Print the lines that run from the line with "188 - أَخْبَرَنَا" to the line with "С 21 по 23 октября", keeping both end lines, exactly as they appear in the entries below, and nothing else.

# [ENTRIES SUPPLIED]
· · ·

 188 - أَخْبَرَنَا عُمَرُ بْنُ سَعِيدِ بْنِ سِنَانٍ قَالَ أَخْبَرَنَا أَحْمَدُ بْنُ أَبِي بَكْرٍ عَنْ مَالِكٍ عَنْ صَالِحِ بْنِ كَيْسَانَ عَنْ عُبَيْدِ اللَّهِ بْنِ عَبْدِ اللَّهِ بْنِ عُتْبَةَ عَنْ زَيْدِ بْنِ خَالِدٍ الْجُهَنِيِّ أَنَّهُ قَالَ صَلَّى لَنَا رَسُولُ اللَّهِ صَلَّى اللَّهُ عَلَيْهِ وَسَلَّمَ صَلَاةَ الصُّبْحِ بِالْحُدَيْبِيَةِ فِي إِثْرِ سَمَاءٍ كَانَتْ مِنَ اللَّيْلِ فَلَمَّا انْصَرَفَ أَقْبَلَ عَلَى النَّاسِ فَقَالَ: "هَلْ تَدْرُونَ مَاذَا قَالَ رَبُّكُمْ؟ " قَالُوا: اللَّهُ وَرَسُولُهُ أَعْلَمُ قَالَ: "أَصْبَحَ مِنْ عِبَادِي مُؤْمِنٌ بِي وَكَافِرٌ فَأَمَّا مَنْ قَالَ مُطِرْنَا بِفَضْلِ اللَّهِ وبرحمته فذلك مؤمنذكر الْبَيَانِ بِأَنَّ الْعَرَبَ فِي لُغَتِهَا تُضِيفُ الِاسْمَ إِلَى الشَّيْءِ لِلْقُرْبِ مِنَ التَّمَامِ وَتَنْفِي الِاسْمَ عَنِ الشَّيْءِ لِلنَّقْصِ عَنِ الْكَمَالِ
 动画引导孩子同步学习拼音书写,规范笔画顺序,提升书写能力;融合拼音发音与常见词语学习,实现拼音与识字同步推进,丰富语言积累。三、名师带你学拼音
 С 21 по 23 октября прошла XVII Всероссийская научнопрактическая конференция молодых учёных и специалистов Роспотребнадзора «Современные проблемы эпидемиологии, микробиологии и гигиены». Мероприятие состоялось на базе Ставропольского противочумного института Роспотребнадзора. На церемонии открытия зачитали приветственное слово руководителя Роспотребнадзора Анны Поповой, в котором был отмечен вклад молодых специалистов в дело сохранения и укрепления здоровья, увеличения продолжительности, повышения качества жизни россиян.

· · ·

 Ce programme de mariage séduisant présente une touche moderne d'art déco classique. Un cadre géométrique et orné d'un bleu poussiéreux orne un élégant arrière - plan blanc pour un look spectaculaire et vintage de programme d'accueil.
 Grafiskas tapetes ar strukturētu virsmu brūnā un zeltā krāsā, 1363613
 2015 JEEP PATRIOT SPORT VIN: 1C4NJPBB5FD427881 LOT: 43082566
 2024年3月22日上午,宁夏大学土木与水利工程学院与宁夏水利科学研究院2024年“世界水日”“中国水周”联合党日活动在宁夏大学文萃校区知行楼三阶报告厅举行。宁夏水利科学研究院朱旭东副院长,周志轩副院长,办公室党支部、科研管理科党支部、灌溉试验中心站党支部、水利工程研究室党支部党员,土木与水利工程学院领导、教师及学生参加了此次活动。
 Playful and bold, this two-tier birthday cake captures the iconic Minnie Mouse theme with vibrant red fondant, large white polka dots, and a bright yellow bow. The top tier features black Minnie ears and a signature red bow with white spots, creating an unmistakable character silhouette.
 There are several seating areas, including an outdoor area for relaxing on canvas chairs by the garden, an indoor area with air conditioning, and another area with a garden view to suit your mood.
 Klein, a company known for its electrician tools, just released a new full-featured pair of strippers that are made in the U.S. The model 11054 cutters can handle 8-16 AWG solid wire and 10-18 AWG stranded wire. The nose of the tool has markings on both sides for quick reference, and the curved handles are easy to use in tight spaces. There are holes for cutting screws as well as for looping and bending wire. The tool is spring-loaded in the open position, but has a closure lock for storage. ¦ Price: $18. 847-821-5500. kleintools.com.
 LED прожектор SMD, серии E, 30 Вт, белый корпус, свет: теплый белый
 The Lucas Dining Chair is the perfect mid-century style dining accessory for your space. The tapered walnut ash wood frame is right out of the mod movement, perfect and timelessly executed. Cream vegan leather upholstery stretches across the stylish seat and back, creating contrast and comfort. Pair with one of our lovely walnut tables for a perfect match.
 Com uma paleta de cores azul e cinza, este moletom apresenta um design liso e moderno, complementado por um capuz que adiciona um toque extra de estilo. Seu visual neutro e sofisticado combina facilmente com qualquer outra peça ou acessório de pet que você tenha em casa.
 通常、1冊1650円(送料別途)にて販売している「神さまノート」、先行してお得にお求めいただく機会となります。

· · ·

# [RESPONSE TO THE TASK]
 188 - أَخْبَرَنَا عُمَرُ بْنُ سَعِيدِ بْنِ سِنَانٍ قَالَ أَخْبَرَنَا أَحْمَدُ بْنُ أَبِي بَكْرٍ عَنْ مَالِكٍ عَنْ صَالِحِ بْنِ كَيْسَانَ عَنْ عُبَيْدِ اللَّهِ بْنِ عَبْدِ اللَّهِ بْنِ عُتْبَةَ عَنْ زَيْدِ بْنِ خَالِدٍ الْجُهَنِيِّ أَنَّهُ قَالَ صَلَّى لَنَا رَسُولُ اللَّهِ صَلَّى اللَّهُ عَلَيْهِ وَسَلَّمَ صَلَاةَ الصُّبْحِ بِالْحُدَيْبِيَةِ فِي إِثْرِ سَمَاءٍ كَانَتْ مِنَ اللَّيْلِ فَلَمَّا انْصَرَفَ أَقْبَلَ عَلَى النَّاسِ فَقَالَ: "هَلْ تَدْرُونَ مَاذَا قَالَ رَبُّكُمْ؟ " قَالُوا: اللَّهُ وَرَسُولُهُ أَعْلَمُ قَالَ: "أَصْبَحَ مِنْ عِبَادِي مُؤْمِنٌ بِي وَكَافِرٌ فَأَمَّا مَنْ قَالَ مُطِرْنَا بِفَضْلِ اللَّهِ وبرحمته فذلك مؤمنذكر الْبَيَانِ بِأَنَّ الْعَرَبَ فِي لُغَتِهَا تُضِيفُ الِاسْمَ إِلَى الشَّيْءِ لِلْقُرْبِ مِنَ التَّمَامِ وَتَنْفِي الِاسْمَ عَنِ الشَّيْءِ لِلنَّقْصِ عَنِ الْكَمَالِ
 动画引导孩子同步学习拼音书写,规范笔画顺序,提升书写能力;融合拼音发音与常见词语学习,实现拼音与识字同步推进,丰富语言积累。三、名师带你学拼音
 С 21 по 23 октября прошла XVII Всероссийская научнопрактическая конференция молодых учёных и специалистов Роспотребнадзора «Современные проблемы эпидемиологии, микробиологии и гигиены». Мероприятие состоялось на базе Ставропольского противочумного института Роспотребнадзора. На церемонии открытия зачитали приветственное слово руководителя Роспотребнадзора Анны Поповой, в котором был отмечен вклад молодых специалистов в дело сохранения и укрепления здоровья, увеличения продолжительности, повышения качества жизни россиян.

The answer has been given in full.